Plus: Switch to fat-free or low-fat dairy products. You must eat three dairy portions a day. A portion is 1 cup (250 ml) skimmed or 2 per cent milk or 1 cup low-fat yoghurt or ½ cup buttermilk or 2 matchbox-sized portions of low-fat or fat-free cottage cheese.
Exercise: Walk 4 times. Sessions 1, 2, 3 and 4: Walk for 27 minutes of which 15 minutes are at a comfortable pace and 12 minutes at a fast face.
Week 6
Follow the same eating plan as for Week 5 and make the following two changes:
Minus: Limit red meat to three times a week and eggs to at most four times a week.
Plus: You can eat six matchbox-sized portions (30 g) of protein a day. Choose your six portions from the list below. You can eat all six portions in one go if for instance you have 180 g beef fillet but make sure that you have dark-meat fish such as mackerel, tuna, sardines or trout three or four times a week and chicken without skin twice a week.
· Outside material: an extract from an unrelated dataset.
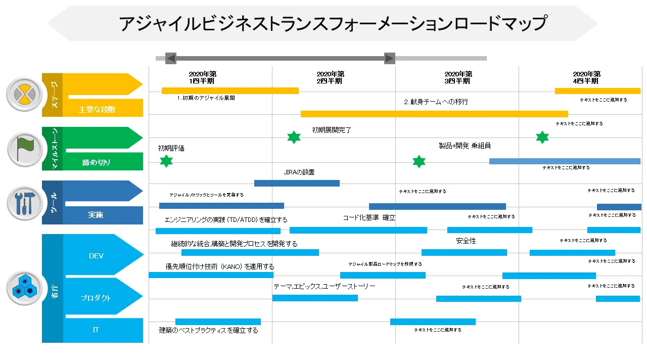 アジャイルなビジネス変革の取り組みを視覚化するために設計されたプロフェッショナルな PowerPoint テンプレート。戦略的実装を計画しているリーダーシップ チーム、コンサルタント、変更マネージャーに最適です。今すぐダウンロードしてください。

One portion of protein is equal to a matchox-sized piece of red meat or chicken or 11/2 matchbox-sized portions of mackerel, trout, tuna or other dark-meat fish or a matchbox-sized portion of low-fat cheese such as mozzarella or Lichten Blanc or 2 matchbox-sized portions of cottage cheese or ½ a boiled or poached egg or half a cup of baked beans.
Exercise: Walk 4 times. Sessions 1, 2, 3 and 4: Walk for 30 minutes of which 15 minutes are at a comfortable pace and 15 minutes at a fast pace.